Es ist für mich unbegreiflich, dass ein Lebewesen unvorstellbare Qualen erleiden muss, damit ich eine 15-minütige Mahlzeit zu mir nehmen kann.
Peter Hammarstedt

Was essen die Leute auf den Schiffen?

Wir haben grossartige Küchencrews, die drei vegane Mahlzeiten am Tag servieren. Nicht alle Mitarbeiter von Sea Shepherd sind Veganer. Die meisten, die sich uns anschliessen, sind es wahrscheinlich nicht. Aber viele Freiwillige bleiben nach ihrer Zeit an Bord vegan, wenn sie entdecken, wie einfach, gesund und lecker es ist, sich pflanzlich zu ernähren. Wenn ein Besatzungsmitglied Geburtstag hat, darf es sich aussuchen, was es zum Abendessen möchte. In den letzten 19 Jahren habe ich mir immer einen Erdnuss-Satay-Rührbraten gewünscht. Mit Tofu, versteht sich.

Was ist dein Lieblingsprodukt von New Roots?

Das Fondue, natürlich! Es ist lecker, es ist gemeinschaftlich und es erinnert mich an meine Zeit in der Schweiz, ein Land, in dem Sea Shepherd viel Unterstützung bekommt. Ich habe noch nie ein nicht-veganes Fondue gegessen, was es noch spezieller macht. Meiner Meinung nach ist Fondue von Natur aus pflanzlich. Hoffentlich wird es das in Zukunft für alle Menschen sein. 
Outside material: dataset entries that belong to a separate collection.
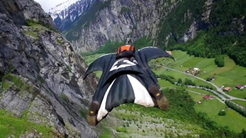 Skacze dwóch panów: Reiner Ebert i Ludovic Woerth. Ubrali się w specjalne kostiumy, które co prawda nie powodują, że mogą latać, ale spowalniają nieuchronny spadek. Oczywiście nie ma mowy o lądowaniu na nogi - obaj mają spadochrony, które otwierają w odpowiednim momencie. Ale nim do tego dojdzie, mają okazję lecieć niczym pikujące ptaki - a dzięki kamerom - umieszczonym na ich kombinezonach - również my mamy okazje poczuć, jak to jest. No, to włączamy filmik na pełny ekran i skaczemy!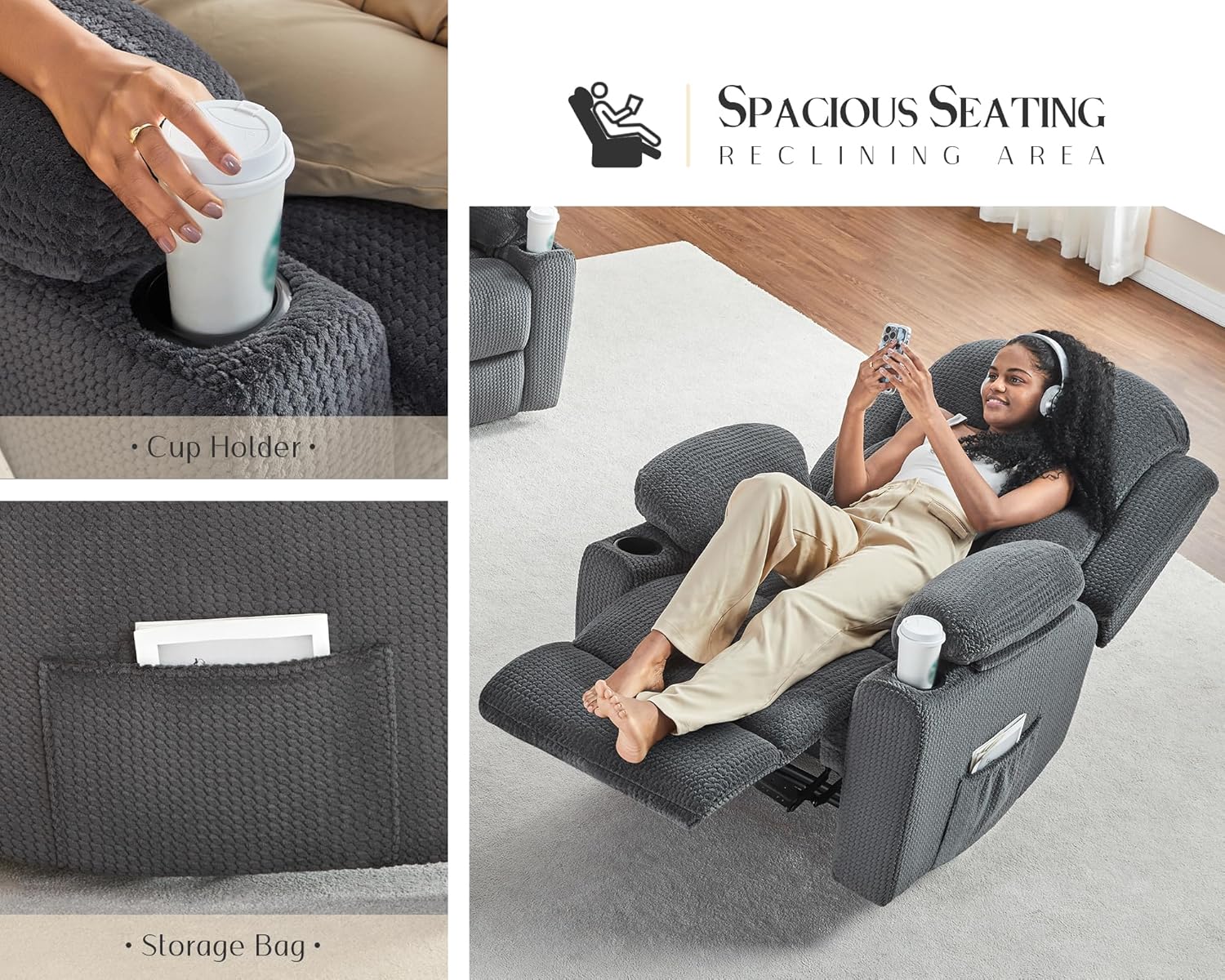 VanAcc Recliner Chair, Sofa Recliner with Cup Holders for Living Room- Wingback Recliner Couch, Grey Armchair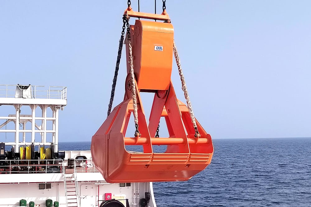 Specially engineered to handle loose bulk cargo such as bauxite, coal, and sand, the ENBL scissor grab is known for its lightweight structure, robust build, and high operational stability. It operates using a dual-rope mechanical opening and closing system, offering efficient clamping force and optimal material containment even in offshore working environments.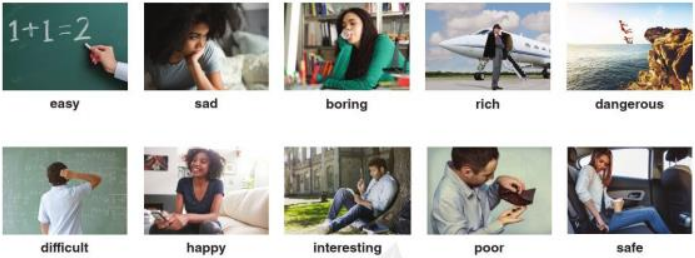 A. Write the adjectives in the correct column. B. Which adjectives normally describe: C. Read the sentences. Circle the adjective that you agree with in each sentence. Compare your answers with a partner. Discuss any differences. D. In pairs, use adjectives to describe the people on page 4. E. Unscramble the words to make sentences. F. Complete the sentences so they are true to you. Share your answers with a partner. G. Two people meet for the first time. Listen and fill in the table. H. Listen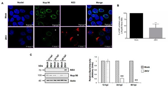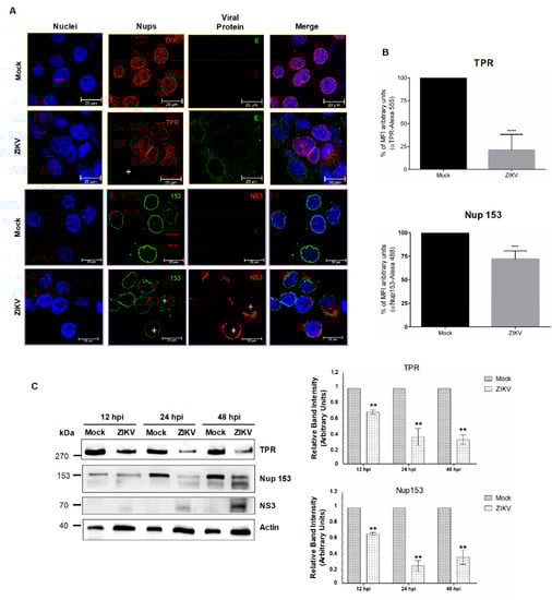 Since the integrity of Nups during infection of viruses from the same family do not always result in the degradation of the same nucleoporins [38,46], we wanted to determine if, in contrast to what occurs in DENV-infected cells (Figure 2B), TPR was altered during ZIKV infection. Therefore, TPR distribution and abundance were evaluated in ZIKV-infected cells. While the anti-TPR staining was observed around the nucleus and in the nucleoplasm of mock-infected cells, this staining was almost abolished in ZIKV infected cells (Figure 7A,B, upper panel). This reduction in the TPR levels was confirmed by Western blot, where up to 70% reduction in protein levels at 48 h post-ZIKV infection was obtained (Figure 7C).

Bist du der Meinung, dass sich unsere beiden Ansätze ergänzen (wir wollen Traditionen/Kulturen verändern, und ihr führt hochwirksame Aktionen durch)?
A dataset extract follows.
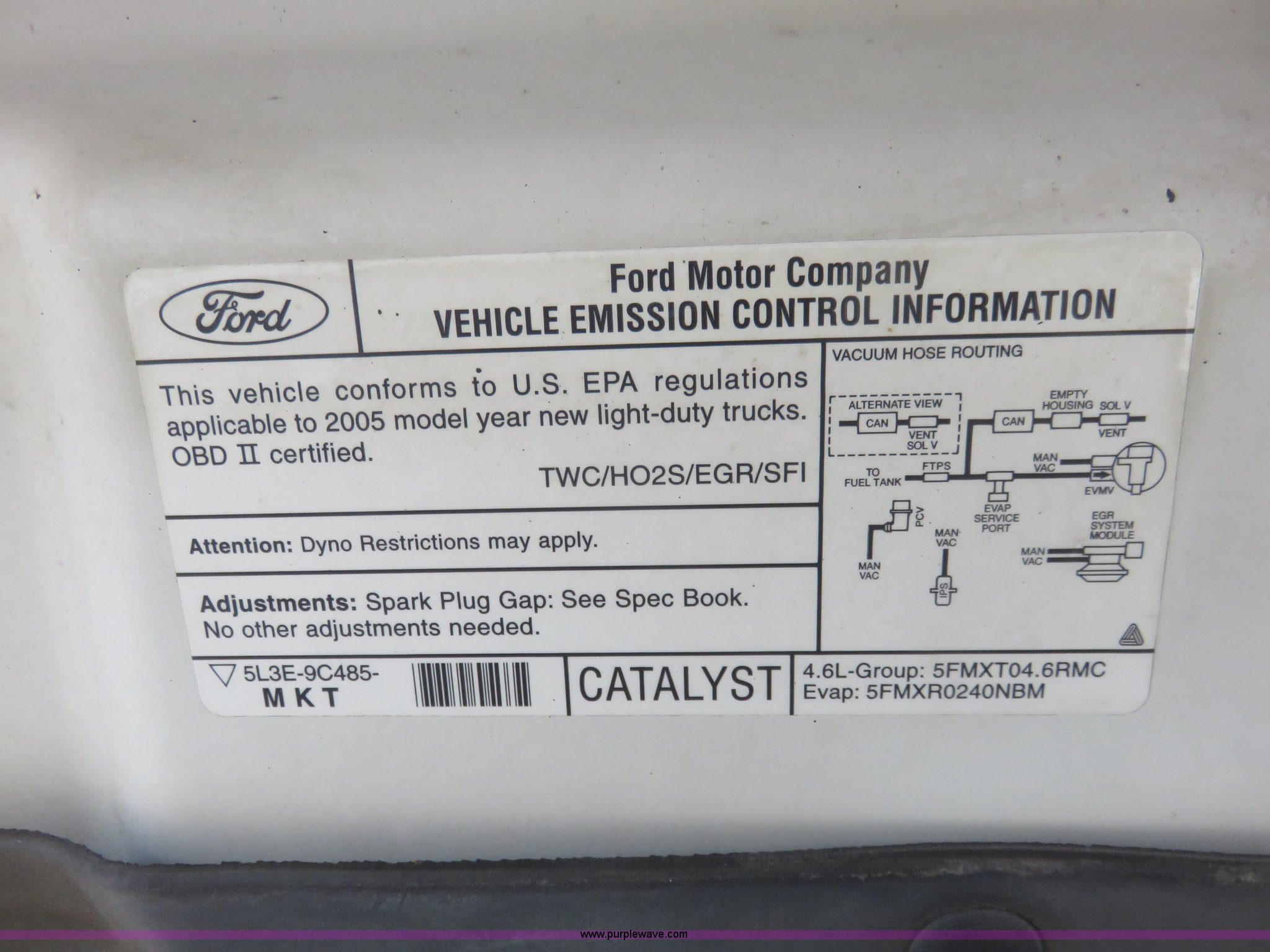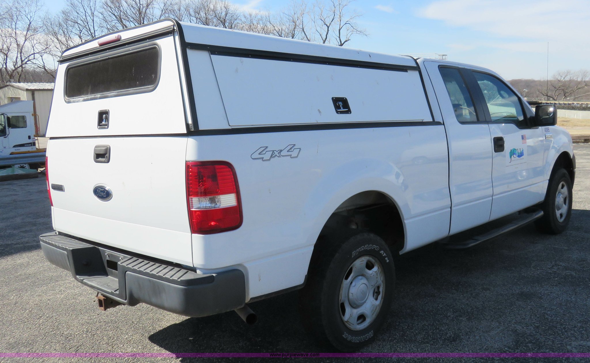 Purple Wave is selling a used 1/2 Ton Pickup or Van in Kansas. This item is a 2005 Ford F150 SuperCab pickup truck with the following: 139,087 miles on odometer, 8,291 hours on meter, 4.6L V8 SOHC 16V gas engine, Automatic transmission, Four wheel drive, AC and heat, Tilt, Cruise, AM/FM, Power windows, locks, and mirrors, Vinyl interior, Topper, Receiver hitch, 235/75R17 tires, Intermittent rocker arm noise in the engine, Decals will be removed prior to auction, Unit# JCW4095

Die Stärke einer jeden sozialen Bewegung liegt in der Vielfalt. Wir brauchen eine Vielzahl von Strategien, um die Welt zu einem mitfühlenderen Ort zu machen. Dazu gehören sowohl direkte Handlungen als auch Änderungen des Lebensstils. Ich habe grössten Respekt vor dem, was New Roots tut, um die Definition von Käse und Joghurt zu ändern und Nussprodukte zur Norm zu machen. Ich denke, das ist ein revolutionäres Konzept. Als Veganer sollten wir keine Alternativen zu bestehenden kulturellen Normen schaffen, sondern das bestehende Dogma sollte zur Alternative werden. Pflanzenbasierte Produkte sollten die neue Normalität sein. New Roots hat das verstanden, was nur sehr wenige Unternehmen tun.